=== Stored data entries ===
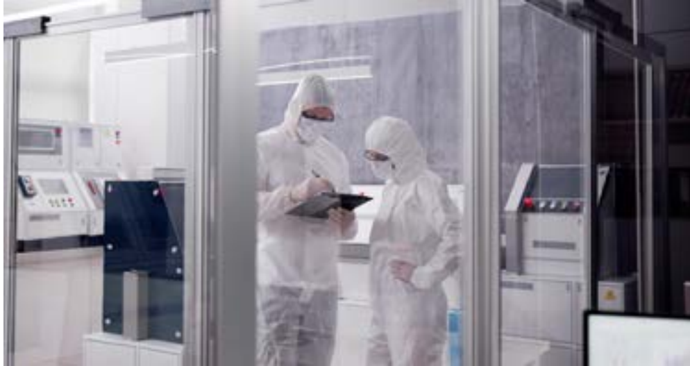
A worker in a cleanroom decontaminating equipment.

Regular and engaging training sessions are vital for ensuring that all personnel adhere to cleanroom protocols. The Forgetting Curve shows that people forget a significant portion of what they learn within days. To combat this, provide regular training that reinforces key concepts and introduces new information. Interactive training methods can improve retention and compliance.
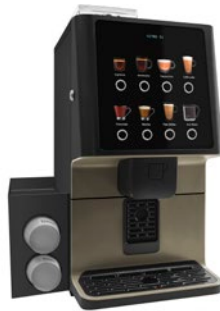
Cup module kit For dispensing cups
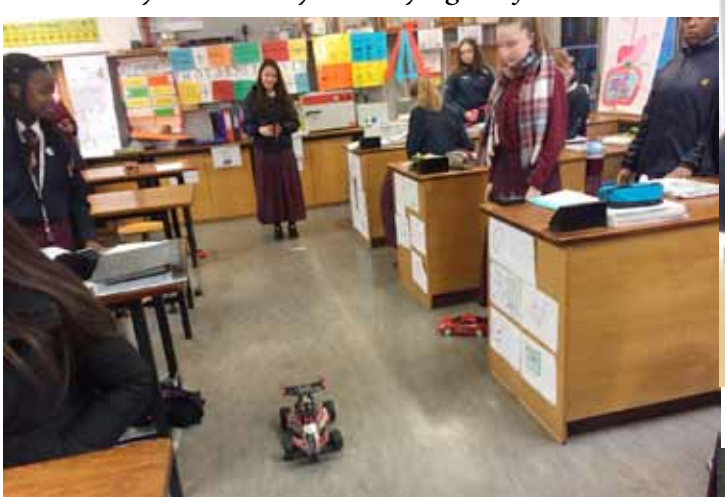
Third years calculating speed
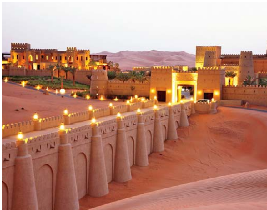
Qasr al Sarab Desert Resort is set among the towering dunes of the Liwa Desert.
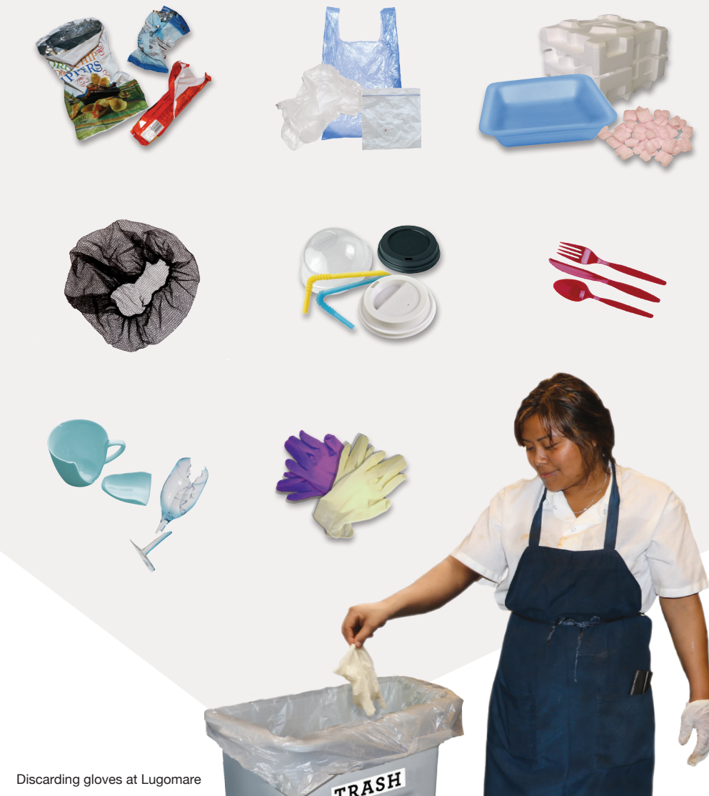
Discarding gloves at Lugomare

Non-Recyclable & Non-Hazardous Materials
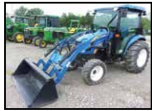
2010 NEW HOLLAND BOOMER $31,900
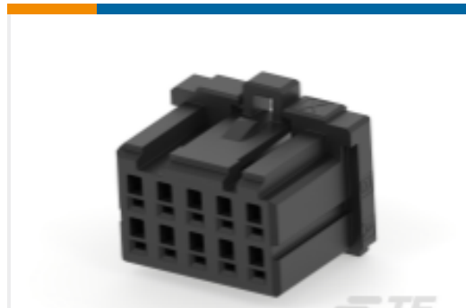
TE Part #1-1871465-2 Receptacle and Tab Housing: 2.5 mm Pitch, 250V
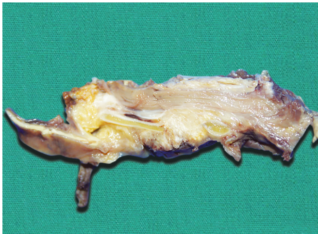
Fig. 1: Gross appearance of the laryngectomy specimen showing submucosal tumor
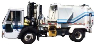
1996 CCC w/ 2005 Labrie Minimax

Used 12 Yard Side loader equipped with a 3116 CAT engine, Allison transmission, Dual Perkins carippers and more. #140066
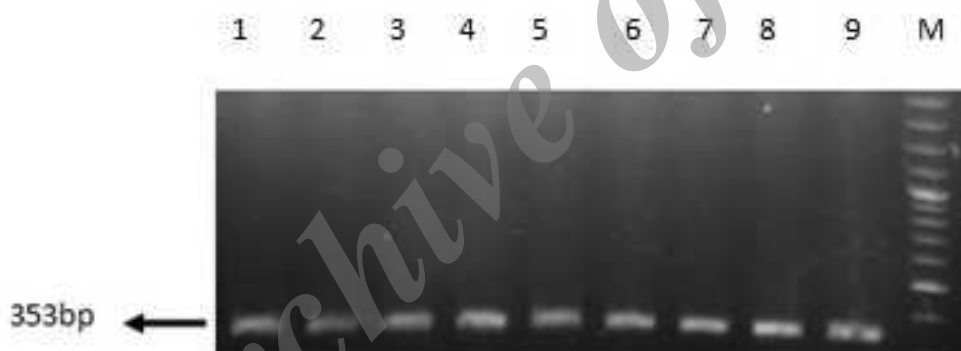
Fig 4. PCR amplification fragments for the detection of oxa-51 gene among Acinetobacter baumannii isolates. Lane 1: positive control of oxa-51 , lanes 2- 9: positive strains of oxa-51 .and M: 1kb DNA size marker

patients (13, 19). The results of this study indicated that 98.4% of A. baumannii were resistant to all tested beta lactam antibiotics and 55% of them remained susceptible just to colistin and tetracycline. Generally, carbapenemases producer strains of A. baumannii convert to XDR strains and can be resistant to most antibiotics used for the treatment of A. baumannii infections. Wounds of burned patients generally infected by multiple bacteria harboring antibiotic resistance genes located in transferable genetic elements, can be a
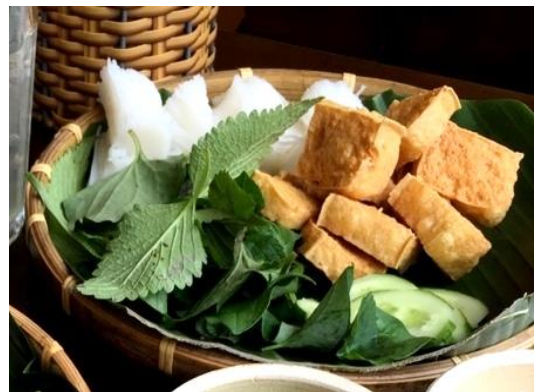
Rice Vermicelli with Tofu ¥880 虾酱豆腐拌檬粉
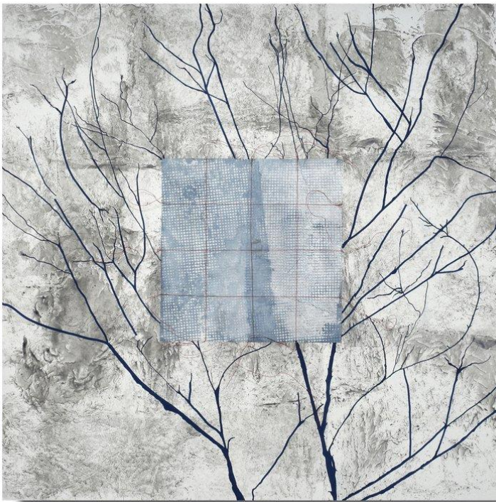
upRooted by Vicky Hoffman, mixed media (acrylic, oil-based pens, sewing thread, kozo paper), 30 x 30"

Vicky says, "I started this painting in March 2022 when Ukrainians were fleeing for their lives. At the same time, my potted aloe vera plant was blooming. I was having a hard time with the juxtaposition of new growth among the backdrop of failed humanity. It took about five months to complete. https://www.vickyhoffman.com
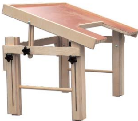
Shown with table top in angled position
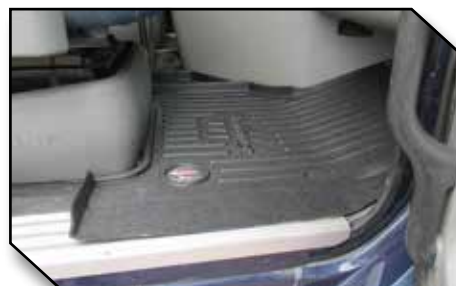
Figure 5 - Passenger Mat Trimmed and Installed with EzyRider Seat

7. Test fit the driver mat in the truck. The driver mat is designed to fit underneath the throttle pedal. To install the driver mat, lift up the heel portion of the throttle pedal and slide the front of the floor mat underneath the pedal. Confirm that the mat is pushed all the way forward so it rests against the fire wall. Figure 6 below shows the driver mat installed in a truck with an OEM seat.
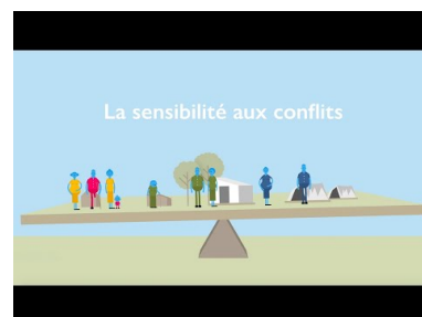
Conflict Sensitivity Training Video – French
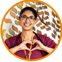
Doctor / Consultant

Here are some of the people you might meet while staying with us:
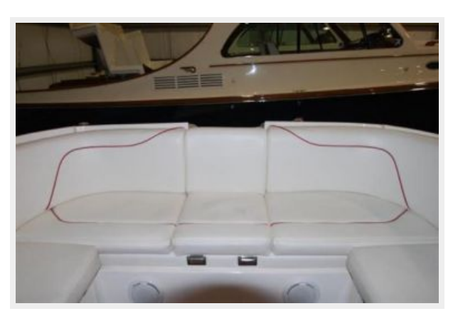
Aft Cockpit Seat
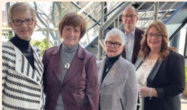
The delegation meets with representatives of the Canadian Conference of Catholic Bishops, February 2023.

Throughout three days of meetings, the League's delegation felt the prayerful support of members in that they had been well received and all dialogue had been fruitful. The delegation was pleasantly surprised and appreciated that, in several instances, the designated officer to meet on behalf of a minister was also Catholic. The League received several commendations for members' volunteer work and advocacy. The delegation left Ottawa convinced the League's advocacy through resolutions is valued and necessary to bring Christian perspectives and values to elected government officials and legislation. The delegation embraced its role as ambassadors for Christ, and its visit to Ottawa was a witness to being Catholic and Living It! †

=== PROBLEM REQUIREMENTS ===
Each entry above should be restated word for word, though no picture may appear in the copy.

=== PROBLEM SOLUTION ===
A worker in a cleanroom decontaminating equipment.

Regular and engaging training sessions are vital for ensuring that all personnel adhere to cleanroom protocols. The Forgetting Curve shows that people forget a significant portion of what they learn within days. To combat this, provide regular training that reinforces key concepts and introduces new information. Interactive training methods can improve retention and compliance.
Cup module kit For dispensing cups
Third years calculating speed
Qasr al Sarab Desert Resort is set among the towering dunes of the Liwa Desert.
Discarding gloves at Lugomare

Non-Recyclable & Non-Hazardous Materials
2010 NEW HOLLAND BOOMER $31,900
TE Part #1-1871465-2 Receptacle and Tab Housing: 2.5 mm Pitch, 250V
Fig. 1: Gross appearance of the laryngectomy specimen showing submucosal tumor
1996 CCC w/ 2005 Labrie Minimax

Used 12 Yard Side loader equipped with a 3116 CAT engine, Allison transmission, Dual Perkins carippers and more. #140066
Fig 4. PCR amplification fragments for the detection of oxa-51 gene among Acinetobacter baumannii isolates. Lane 1: positive control of oxa-51 , lanes 2- 9: positive strains of oxa-51 .and M: 1kb DNA size marker

patients (13, 19). The results of this study indicated that 98.4% of A. baumannii were resistant to all tested beta lactam antibiotics and 55% of them remained susceptible just to colistin and tetracycline. Generally, carbapenemases producer strains of A. baumannii convert to XDR strains and can be resistant to most antibiotics used for the treatment of A. baumannii infections. Wounds of burned patients generally infected by multiple bacteria harboring antibiotic resistance genes located in transferable genetic elements, can be a
Rice Vermicelli with Tofu ¥880 虾酱豆腐拌檬粉
upRooted by Vicky Hoffman, mixed media (acrylic, oil-based pens, sewing thread, kozo paper), 30 x 30"

Vicky says, "I started this painting in March 2022 when Ukrainians were fleeing for their lives. At the same time, my potted aloe vera plant was blooming. I was having a hard time with the juxtaposition of new growth among the backdrop of failed humanity. It took about five months to complete. https://www.vickyhoffman.com
Shown with table top in angled position
Figure 5 - Passenger Mat Trimmed and Installed with EzyRider Seat

7. Test fit the driver mat in the truck. The driver mat is designed to fit underneath the throttle pedal. To install the driver mat, lift up the heel portion of the throttle pedal and slide the front of the floor mat underneath the pedal. Confirm that the mat is pushed all the way forward so it rests against the fire wall. Figure 6 below shows the driver mat installed in a truck with an OEM seat.
Conflict Sensitivity Training Video – French
Doctor / Consultant

Here are some of the people you might meet while staying with us:
Aft Cockpit Seat
The delegation meets with representatives of the Canadian Conference of Catholic Bishops, February 2023.

Throughout three days of meetings, the League's delegation felt the prayerful support of members in that they had been well received and all dialogue had been fruitful. The delegation was pleasantly surprised and appreciated that, in several instances, the designated officer to meet on behalf of a minister was also Catholic. The League received several commendations for members' volunteer work and advocacy. The delegation left Ottawa convinced the League's advocacy through resolutions is valued and necessary to bring Christian perspectives and values to elected government officials and legislation. The delegation embraced its role as ambassadors for Christ, and its visit to Ottawa was a witness to being Catholic and Living It! †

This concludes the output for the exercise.